● Task goal
Please transcribe every entry below exactly, without including the pictures.

+++ Records for this exercise

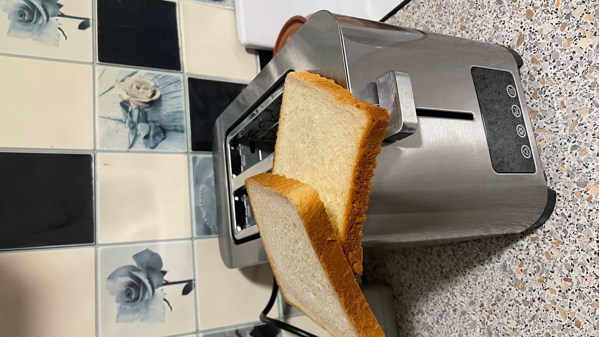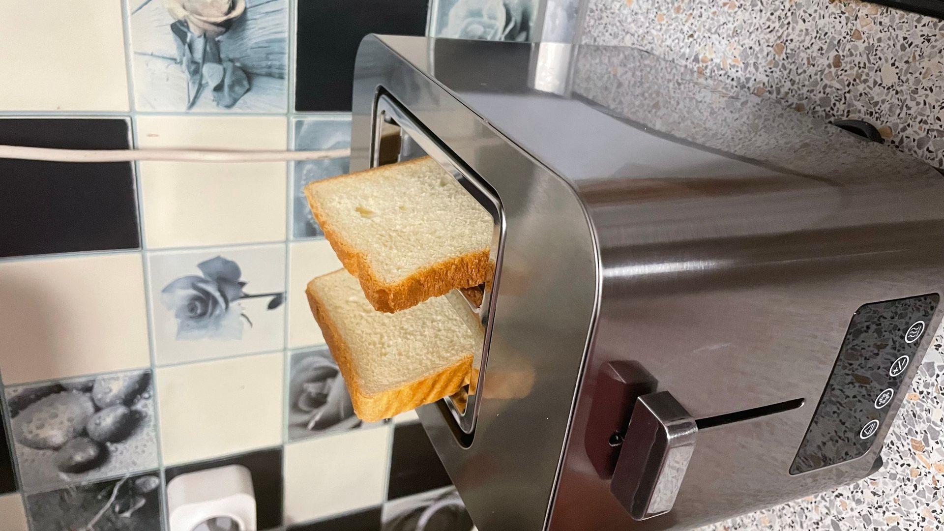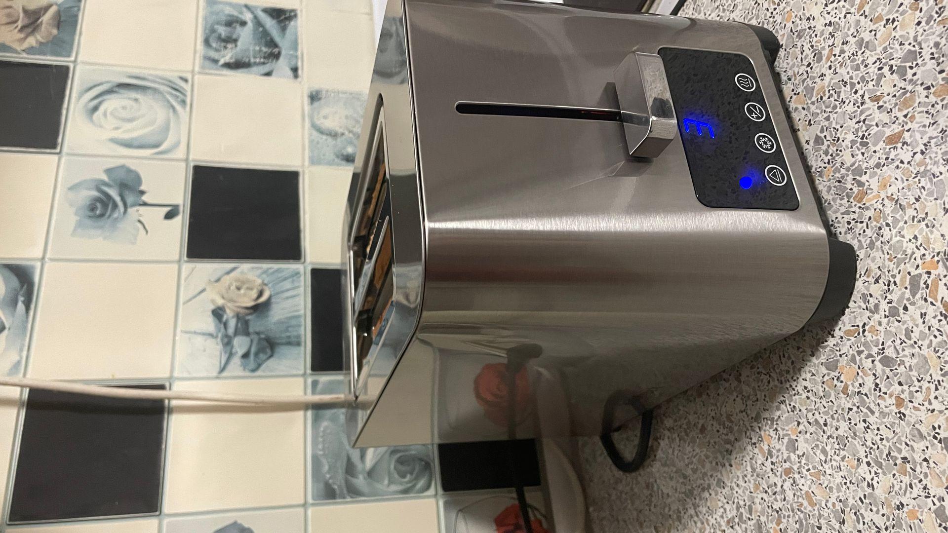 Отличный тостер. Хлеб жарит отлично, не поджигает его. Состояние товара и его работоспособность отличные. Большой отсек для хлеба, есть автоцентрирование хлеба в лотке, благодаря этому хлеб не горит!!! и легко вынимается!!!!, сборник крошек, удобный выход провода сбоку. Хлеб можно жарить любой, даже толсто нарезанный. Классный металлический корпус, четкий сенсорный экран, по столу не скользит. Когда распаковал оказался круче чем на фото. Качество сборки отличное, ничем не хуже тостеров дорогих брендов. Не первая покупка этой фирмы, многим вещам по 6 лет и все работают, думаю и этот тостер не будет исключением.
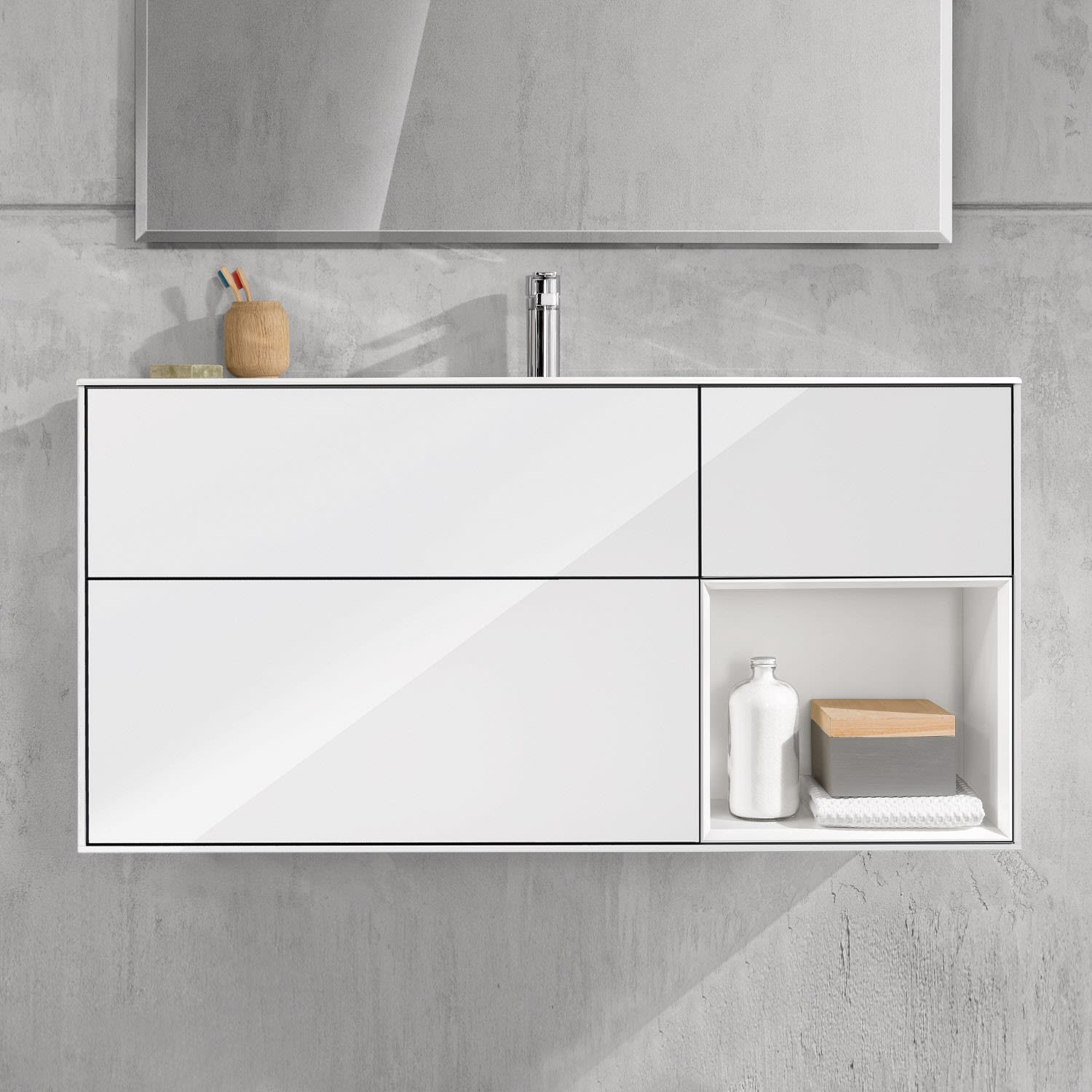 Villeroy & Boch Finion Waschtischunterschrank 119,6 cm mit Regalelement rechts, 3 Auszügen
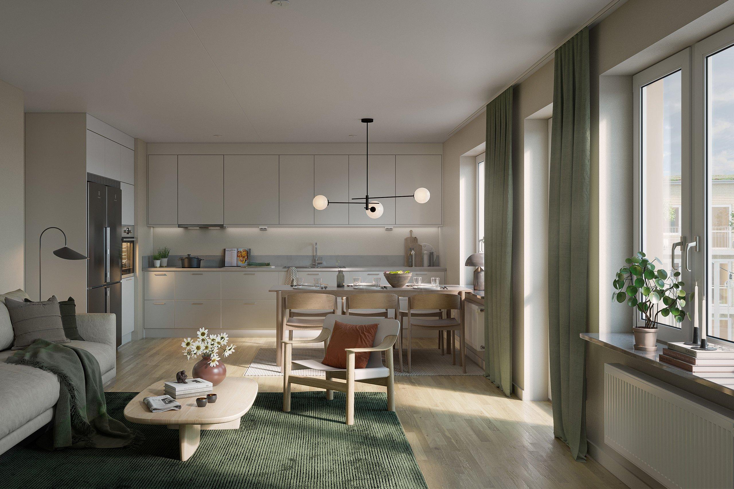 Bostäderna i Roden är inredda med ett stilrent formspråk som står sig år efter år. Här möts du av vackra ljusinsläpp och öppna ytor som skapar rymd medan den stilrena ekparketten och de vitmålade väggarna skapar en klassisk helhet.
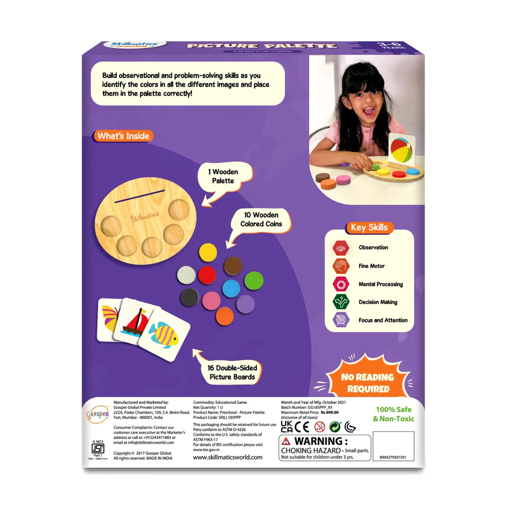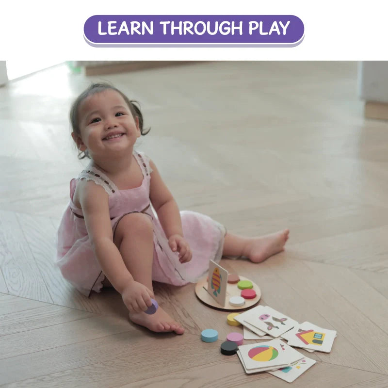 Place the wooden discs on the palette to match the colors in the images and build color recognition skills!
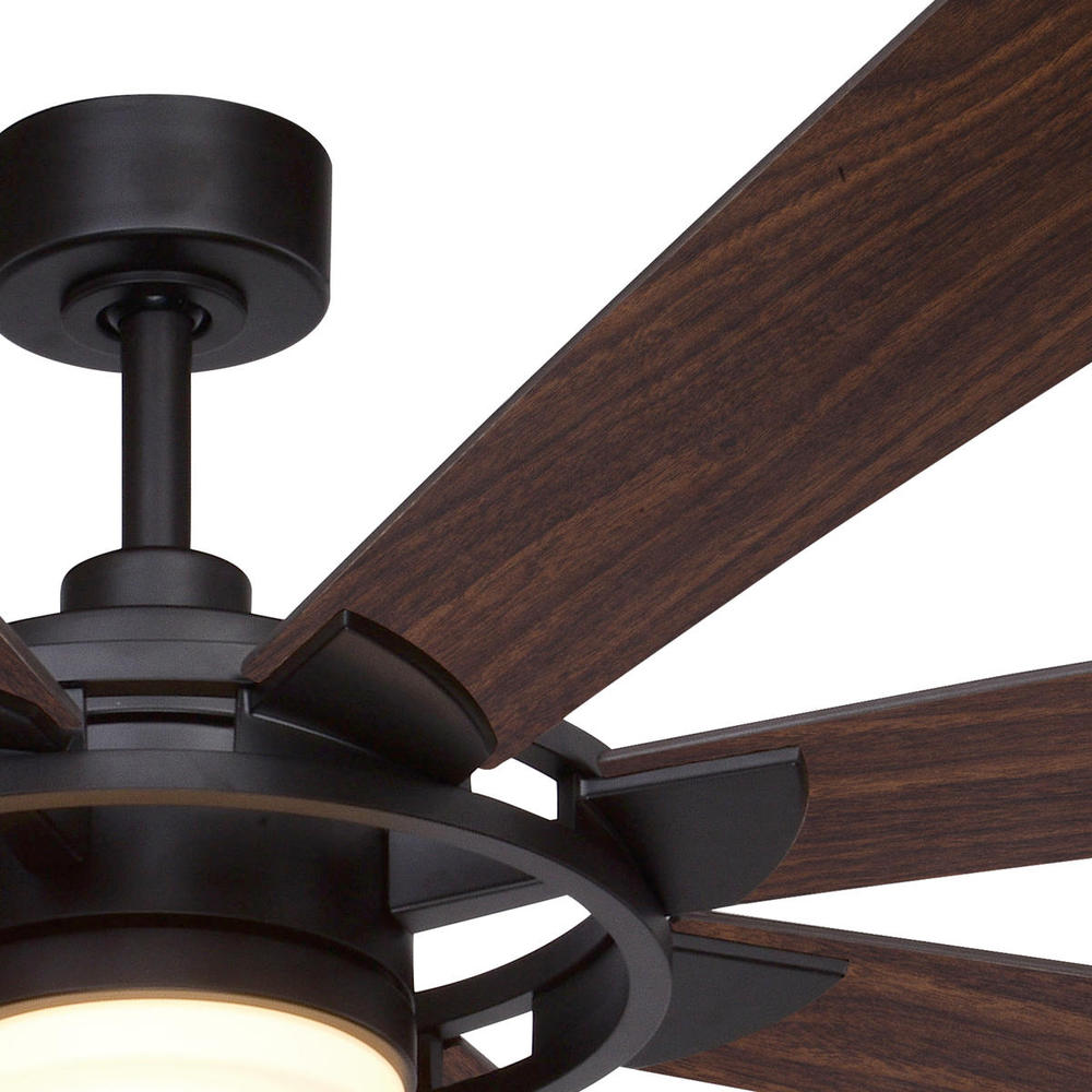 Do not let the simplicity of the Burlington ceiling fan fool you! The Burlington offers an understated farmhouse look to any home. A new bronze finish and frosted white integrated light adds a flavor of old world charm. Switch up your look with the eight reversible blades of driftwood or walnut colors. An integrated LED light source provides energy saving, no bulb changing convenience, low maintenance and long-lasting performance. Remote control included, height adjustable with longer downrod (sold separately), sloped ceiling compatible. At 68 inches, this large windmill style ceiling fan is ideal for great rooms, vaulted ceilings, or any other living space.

++++++

● Answer for the task
 Отличный тостер. Хлеб жарит отлично, не поджигает его. Состояние товара и его работоспособность отличные. Большой отсек для хлеба, есть автоцентрирование хлеба в лотке, благодаря этому хлеб не горит!!! и легко вынимается!!!!, сборник крошек, удобный выход провода сбоку. Хлеб можно жарить любой, даже толсто нарезанный. Классный металлический корпус, четкий сенсорный экран, по столу не скользит. Когда распаковал оказался круче чем на фото. Качество сборки отличное, ничем не хуже тостеров дорогих брендов. Не первая покупка этой фирмы, многим вещам по 6 лет и все работают, думаю и этот тостер не будет исключением.
 Villeroy & Boch Finion Waschtischunterschrank 119,6 cm mit Regalelement rechts, 3 Auszügen
 Bostäderna i Roden är inredda med ett stilrent formspråk som står sig år efter år. Här möts du av vackra ljusinsläpp och öppna ytor som skapar rymd medan den stilrena ekparketten och de vitmålade väggarna skapar en klassisk helhet.
 Place the wooden discs on the palette to match the colors in the images and build color recognition skills!
 Do not let the simplicity of the Burlington ceiling fan fool you! The Burlington offers an understated farmhouse look to any home. A new bronze finish and frosted white integrated light adds a flavor of old world charm. Switch up your look with the eight reversible blades of driftwood or walnut colors. An integrated LED light source provides energy saving, no bulb changing convenience, low maintenance and long-lasting performance. Remote control included, height adjustable with longer downrod (sold separately), sloped ceiling compatible. At 68 inches, this large windmill style ceiling fan is ideal for great rooms, vaulted ceilings, or any other living space.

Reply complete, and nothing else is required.